A timber column 15cm x 10cm in section is 3m long with both ends
hinged. Determine the safe load, the column can carry with a factor of
safety as 10. Tame E for timber as 1.055 x 102 t/m2
To determine the safe load that the timber column can carry, we'll need to use the formula for Euler's column buckling load:
P = (π^2 * E * I) / (K * L^2)
Where:
P = Safe load the column can carry
E = Modulus of Elasticity for timber (given as 1.055 x 10^2 t/m^2)
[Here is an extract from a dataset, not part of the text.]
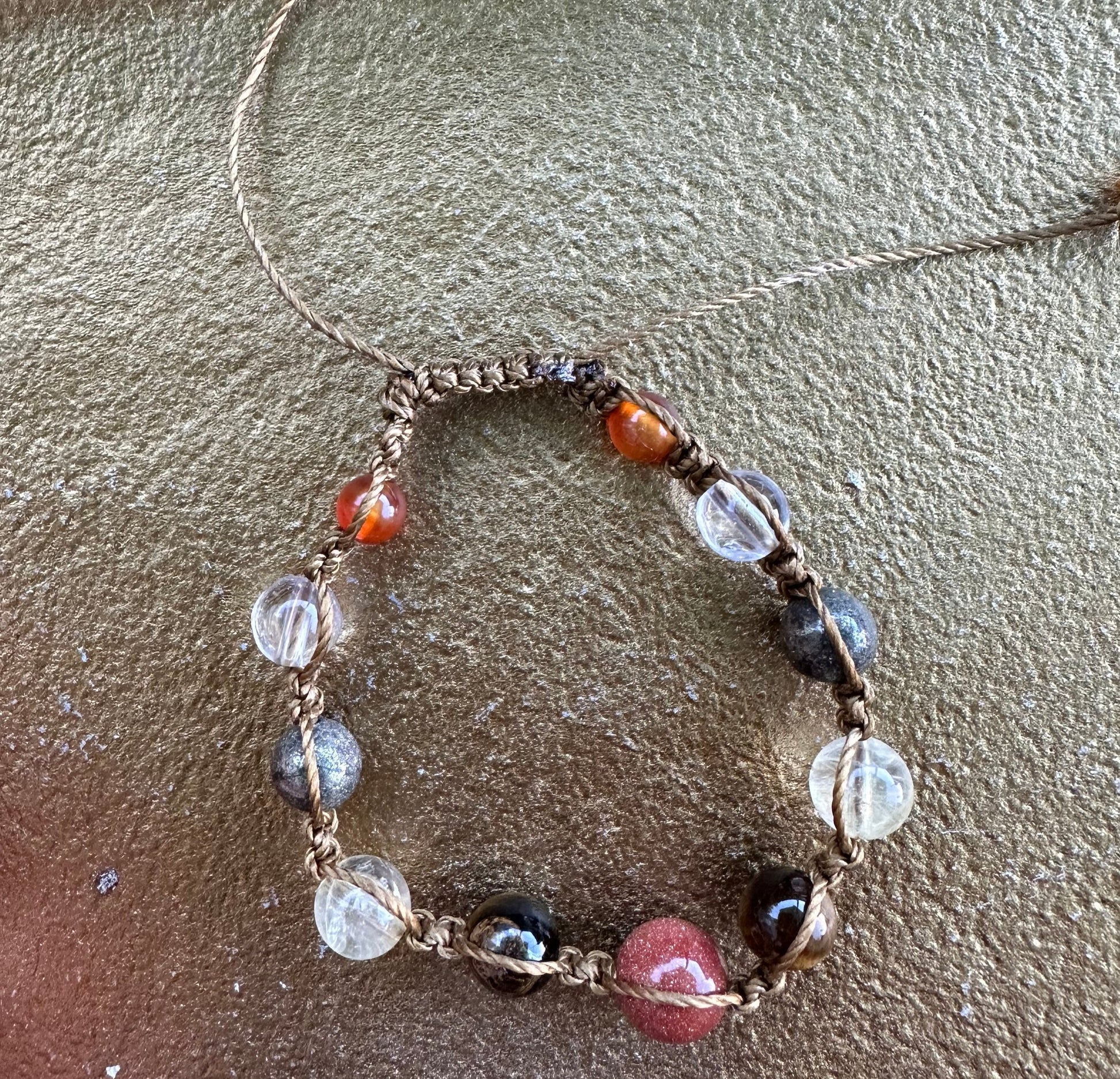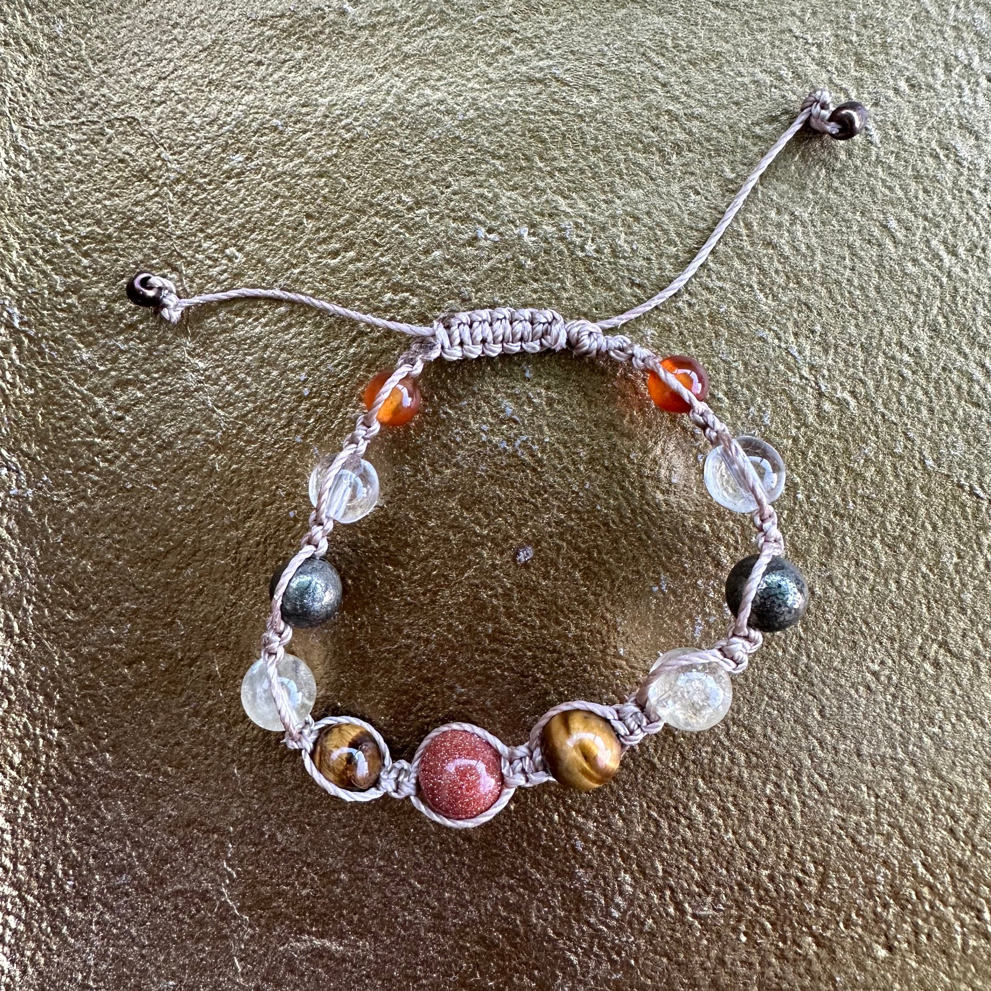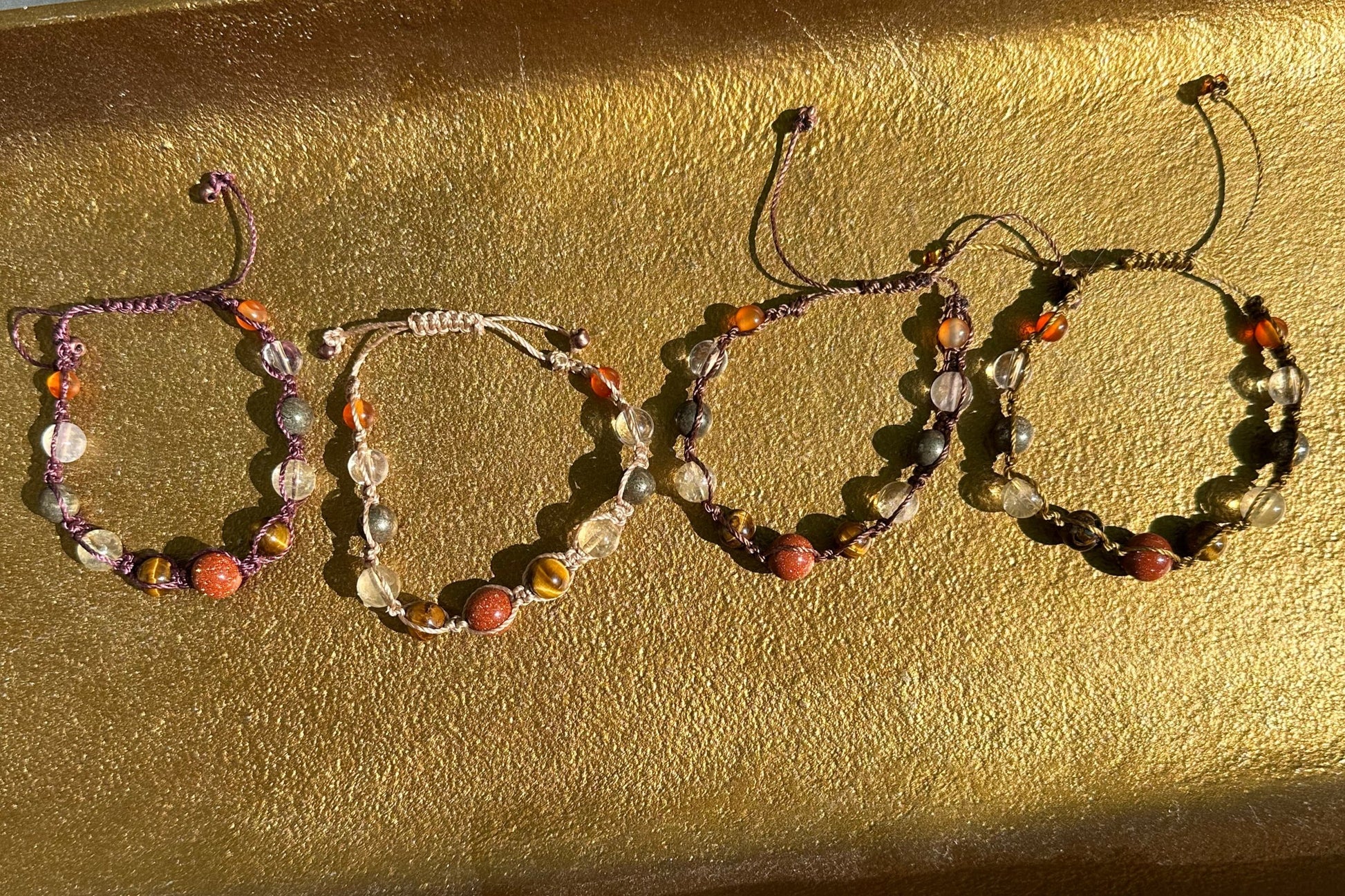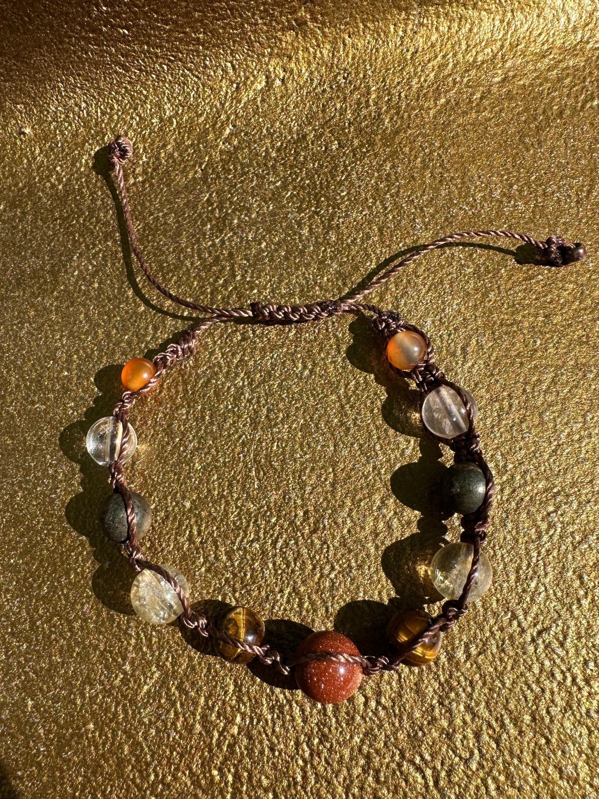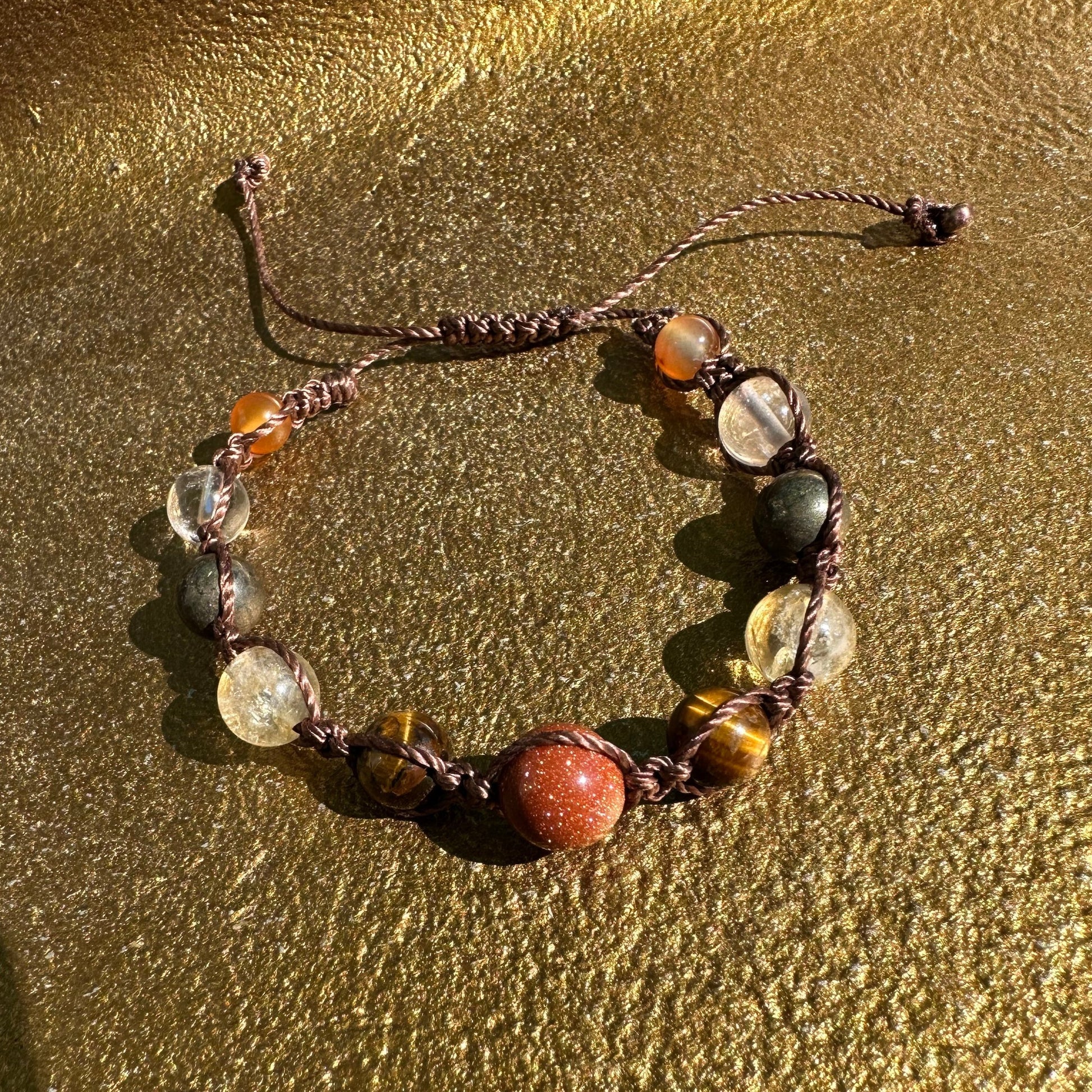 Presenting our new autumn-inspired collection: the Creativity, Success, and Solar Plexus Bracelet. This adjustable bracelet is designed to manifest good luck, success, and creativity while activating the solar plexus. Hand-crafted with care and infused with positive energy by a certified energy healing and reiki expert, it features a powerful combination of Carnelian, Citrine, Pyrite, Clear Quartz, Tiger's Eye, and Citrine crystals. Choose from a variety of fall colors to customize your bracelet, including Wheat, Gold, Chocolate, Mahogany, Black Currant, Purple, Navy Blue, Black, and Myrtle Green. See our sample photo for color options.

I = Moment of Inertia of the column cross-section
K = Effective Length Factor, depends on the end conditions of the column
L = Length of the column
First, let's calculate the Moment of Inertia (I) for the timber column. The Moment of Inertia for a rectangular cross-section can be calculated using the following formula:
I = (b * h^3) / 12
where:
b = breadth of the rectangle (15 cm in our case)
h = height of the rectangle (10 cm in our case)
I = (15 cm * 10 cm^3) / 12
I = 12,500 cm^4
Next, we need to determine the Effective Length Factor (K) for the hinged column ends. For both ends hinged, the effective length factor is 2.
Now, we can substitute the given values into the formula:
P = (π^2 * E * I) / (K * L^2)
P = (3.14^2 * 1.055 x 10^2 t/m^2 * 12,500 cm^4) / (2 * 300 cm)^2
Now, we need to convert the units to match each other. Let's convert cm to meters and t/m^2 to N/m^2:
P = (3.14^2 * 1.055 x 10^2 N/m^2 * 12,500 x 10^-8 m^4) / (2 * 3 m)^2
P = (3.14^2 * 1.055 x 10^2 N/m^2 * 12.5 x 10^-4 m^4) / (18 m^2)
P = (9.865 x 10^3 N/m^2 * 12.5 x 10^-4 m^4) / 18
P ≈ 6.867 N
Lastly, we need to apply the factor of safety. Since the factor of safety is given as 10, we multiply the calculated load by the factor of safety:
Safe Load = P * Factor of Safety
Safe Load = 6.867 N * 10
Safe Load ≈ 68.67 N
Therefore, the safe load that the timber column can carry with a factor of safety of 10 is approximately 68.67 Newtons.